## ASSIGNMENT
Skip the pictures and retype exactly the lines from the one holding "RangerThis 3-ton capacity" through the end of the entries.
========
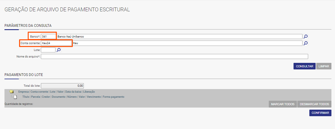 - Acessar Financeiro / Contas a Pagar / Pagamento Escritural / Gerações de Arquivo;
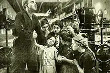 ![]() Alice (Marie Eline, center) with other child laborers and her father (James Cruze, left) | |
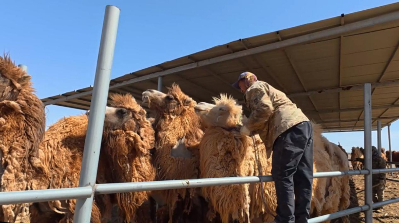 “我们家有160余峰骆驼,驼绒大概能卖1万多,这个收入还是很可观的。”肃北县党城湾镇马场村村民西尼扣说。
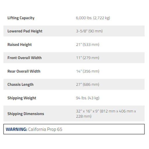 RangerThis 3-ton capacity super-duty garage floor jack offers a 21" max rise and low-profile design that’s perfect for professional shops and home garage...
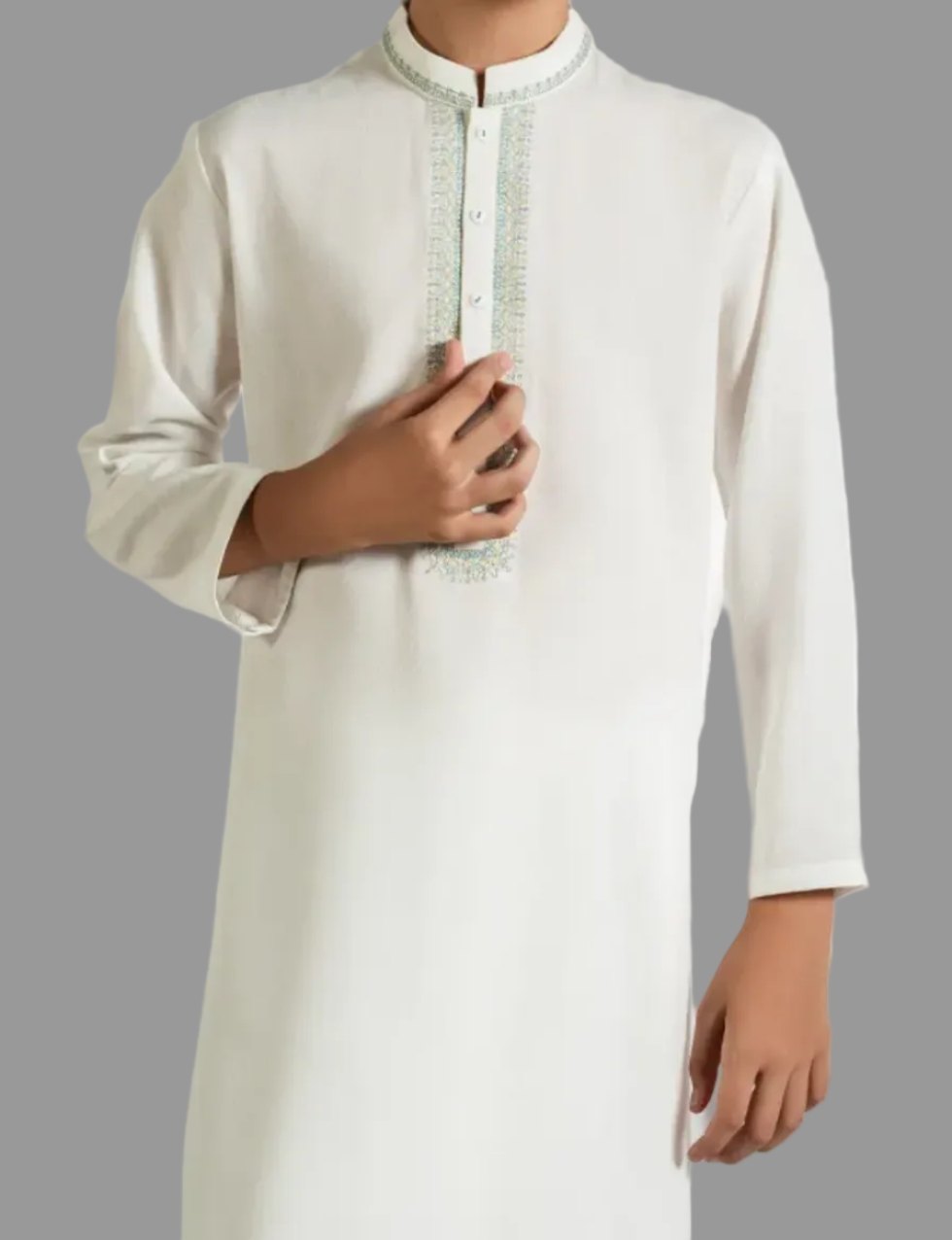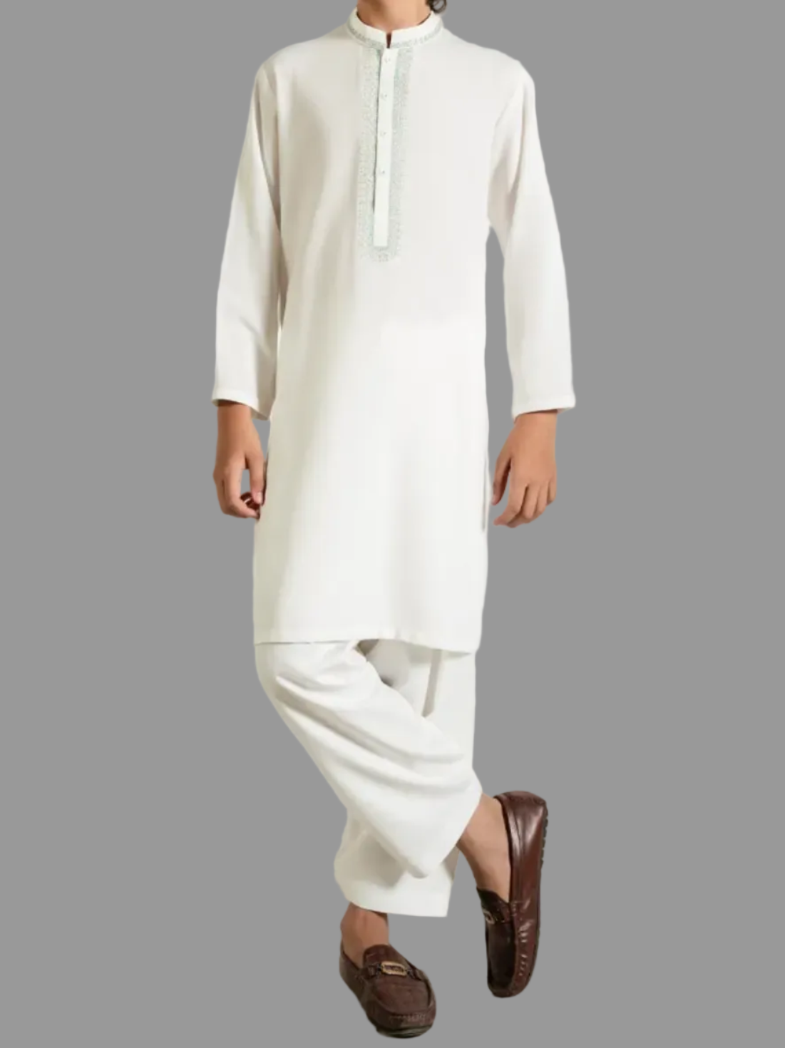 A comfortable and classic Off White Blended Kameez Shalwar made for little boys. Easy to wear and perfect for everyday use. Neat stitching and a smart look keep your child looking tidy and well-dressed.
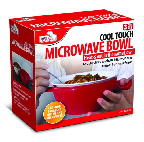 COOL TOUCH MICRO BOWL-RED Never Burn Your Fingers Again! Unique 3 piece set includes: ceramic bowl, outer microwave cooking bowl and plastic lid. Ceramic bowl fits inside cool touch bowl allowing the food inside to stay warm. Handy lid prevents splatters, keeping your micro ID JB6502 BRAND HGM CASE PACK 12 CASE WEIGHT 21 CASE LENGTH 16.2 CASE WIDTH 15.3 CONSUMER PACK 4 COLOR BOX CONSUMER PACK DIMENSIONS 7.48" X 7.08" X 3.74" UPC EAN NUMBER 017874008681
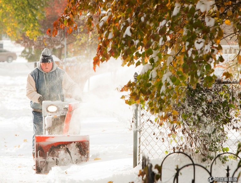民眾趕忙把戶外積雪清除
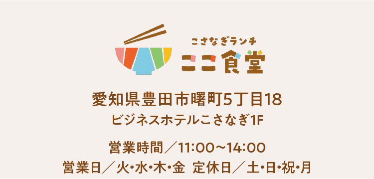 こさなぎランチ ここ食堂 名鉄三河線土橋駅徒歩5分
========
## EXERCISE RESULT
 RangerThis 3-ton capacity super-duty garage floor jack offers a 21" max rise and low-profile design that’s perfect for professional shops and home garage...
 A comfortable and classic Off White Blended Kameez Shalwar made for little boys. Easy to wear and perfect for everyday use. Neat stitching and a smart look keep your child looking tidy and well-dressed.
 COOL TOUCH MICRO BOWL-RED Never Burn Your Fingers Again! Unique 3 piece set includes: ceramic bowl, outer microwave cooking bowl and plastic lid. Ceramic bowl fits inside cool touch bowl allowing the food inside to stay warm. Handy lid prevents splatters, keeping your micro ID JB6502 BRAND HGM CASE PACK 12 CASE WEIGHT 21 CASE LENGTH 16.2 CASE WIDTH 15.3 CONSUMER PACK 4 COLOR BOX CONSUMER PACK DIMENSIONS 7.48" X 7.08" X 3.74" UPC EAN NUMBER 017874008681
民眾趕忙把戶外積雪清除
 こさなぎランチ ここ食堂 名鉄三河線土橋駅徒歩5分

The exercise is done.